- _DATA FOR THIS TASK_:
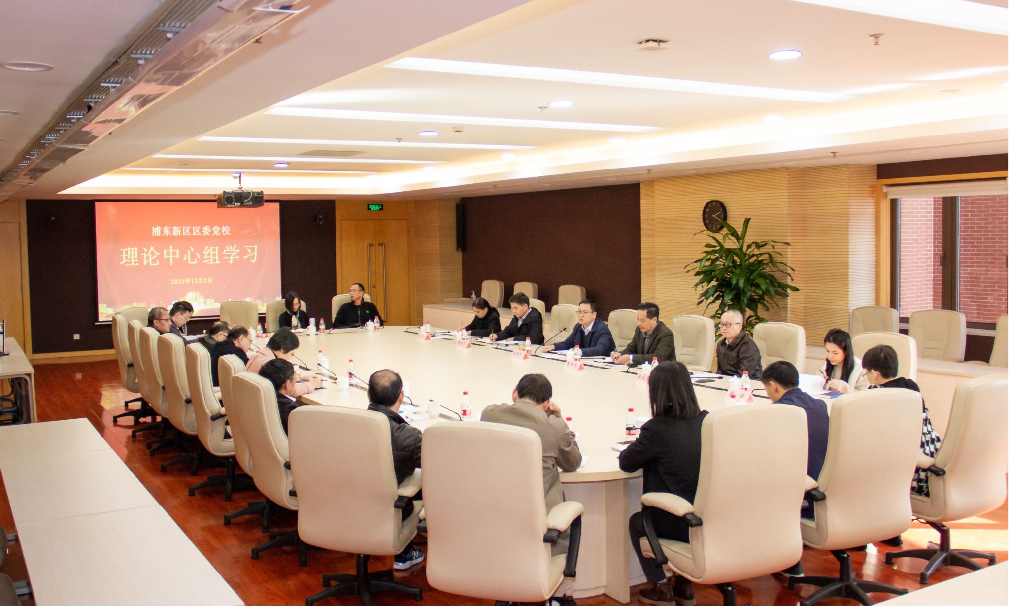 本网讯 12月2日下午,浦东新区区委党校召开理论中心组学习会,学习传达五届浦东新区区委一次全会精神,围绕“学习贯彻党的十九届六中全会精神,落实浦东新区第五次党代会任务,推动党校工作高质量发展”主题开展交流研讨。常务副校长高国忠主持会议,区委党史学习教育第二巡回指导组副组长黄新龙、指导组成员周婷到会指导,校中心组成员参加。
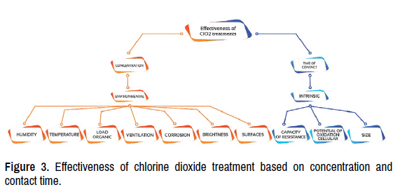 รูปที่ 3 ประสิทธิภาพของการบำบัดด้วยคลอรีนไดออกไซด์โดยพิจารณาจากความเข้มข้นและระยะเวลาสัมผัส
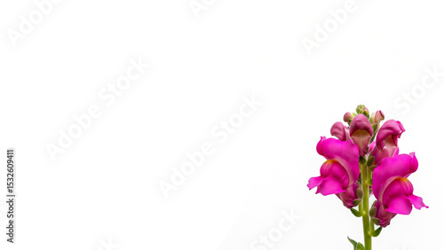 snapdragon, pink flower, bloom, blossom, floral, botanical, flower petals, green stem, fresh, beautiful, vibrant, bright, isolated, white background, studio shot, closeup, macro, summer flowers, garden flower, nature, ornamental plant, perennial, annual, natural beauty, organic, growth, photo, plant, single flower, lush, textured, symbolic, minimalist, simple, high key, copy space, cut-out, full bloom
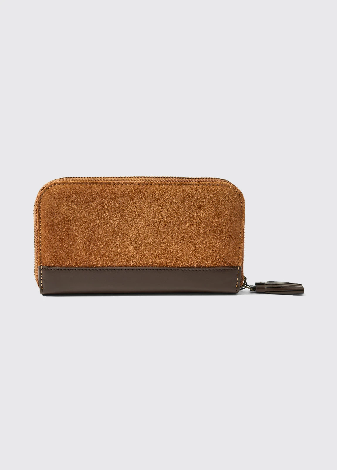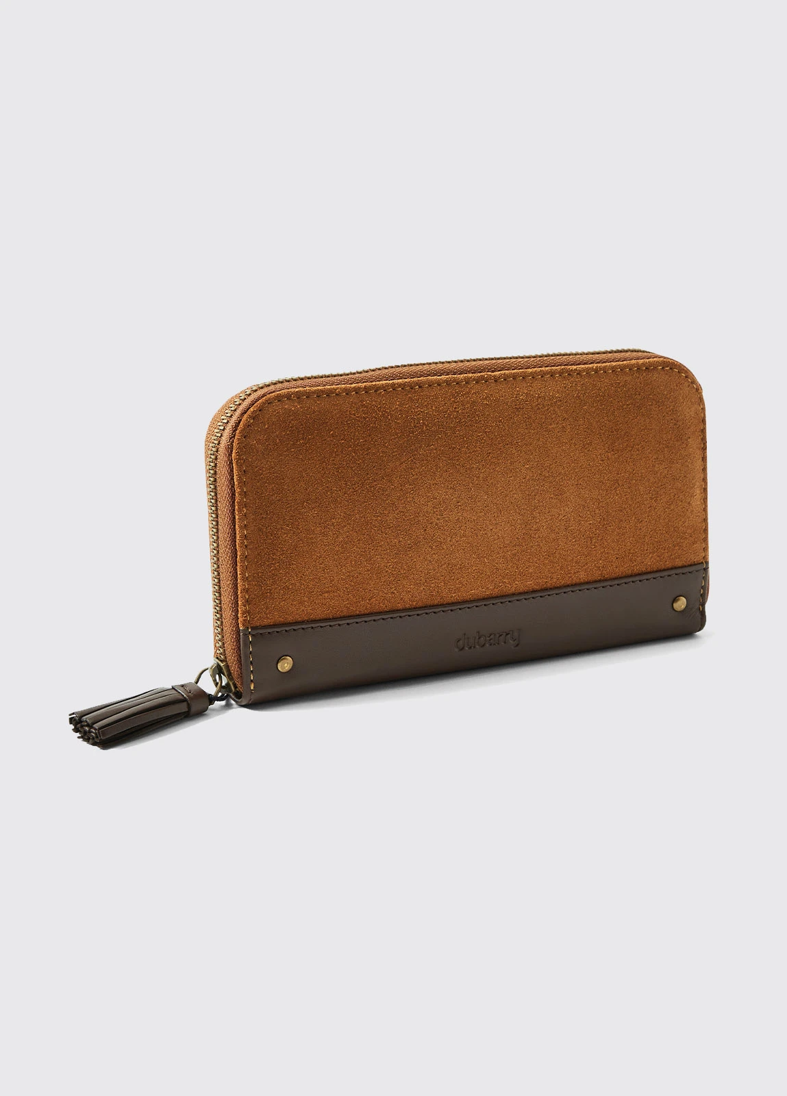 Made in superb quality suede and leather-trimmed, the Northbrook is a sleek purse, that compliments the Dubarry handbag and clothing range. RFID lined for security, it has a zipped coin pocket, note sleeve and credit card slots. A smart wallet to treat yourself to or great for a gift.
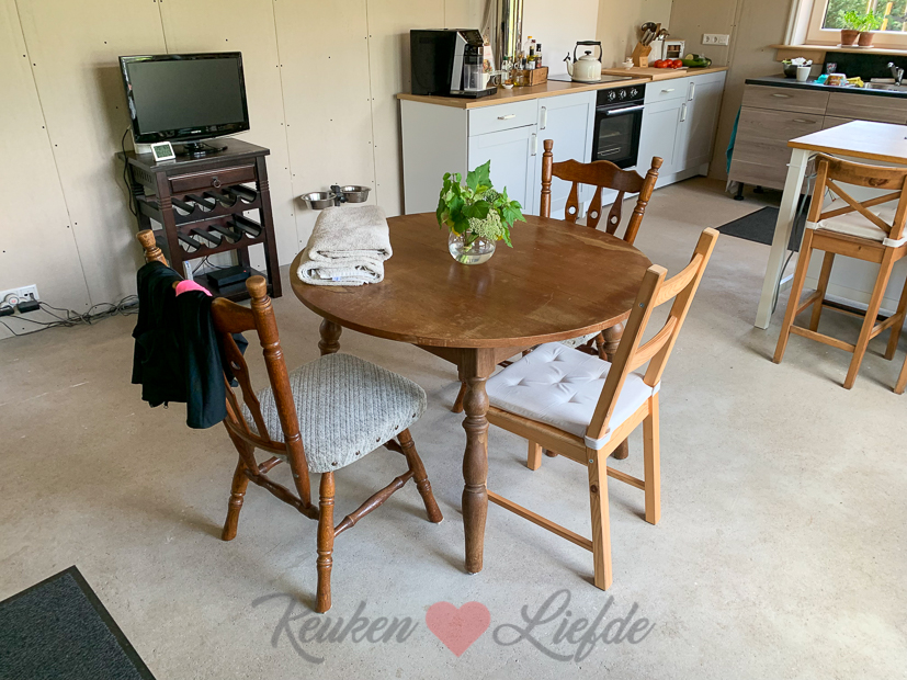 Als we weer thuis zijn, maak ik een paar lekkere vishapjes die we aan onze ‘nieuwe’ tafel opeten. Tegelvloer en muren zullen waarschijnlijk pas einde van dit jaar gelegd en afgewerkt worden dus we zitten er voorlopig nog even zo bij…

- _THE TASK_: Word for word and without any pictures, return all of the lines above.

- _TASK SOLUTION_:
 本网讯 12月2日下午,浦东新区区委党校召开理论中心组学习会,学习传达五届浦东新区区委一次全会精神,围绕“学习贯彻党的十九届六中全会精神,落实浦东新区第五次党代会任务,推动党校工作高质量发展”主题开展交流研讨。常务副校长高国忠主持会议,区委党史学习教育第二巡回指导组副组长黄新龙、指导组成员周婷到会指导,校中心组成员参加。
 รูปที่ 3 ประสิทธิภาพของการบำบัดด้วยคลอรีนไดออกไซด์โดยพิจารณาจากความเข้มข้นและระยะเวลาสัมผัส
 snapdragon, pink flower, bloom, blossom, floral, botanical, flower petals, green stem, fresh, beautiful, vibrant, bright, isolated, white background, studio shot, closeup, macro, summer flowers, garden flower, nature, ornamental plant, perennial, annual, natural beauty, organic, growth, photo, plant, single flower, lush, textured, symbolic, minimalist, simple, high key, copy space, cut-out, full bloom
 Made in superb quality suede and leather-trimmed, the Northbrook is a sleek purse, that compliments the Dubarry handbag and clothing range. RFID lined for security, it has a zipped coin pocket, note sleeve and credit card slots. A smart wallet to treat yourself to or great for a gift.
 Als we weer thuis zijn, maak ik een paar lekkere vishapjes die we aan onze ‘nieuwe’ tafel opeten. Tegelvloer en muren zullen waarschijnlijk pas einde van dit jaar gelegd en afgewerkt worden dus we zitten er voorlopig nog even zo bij…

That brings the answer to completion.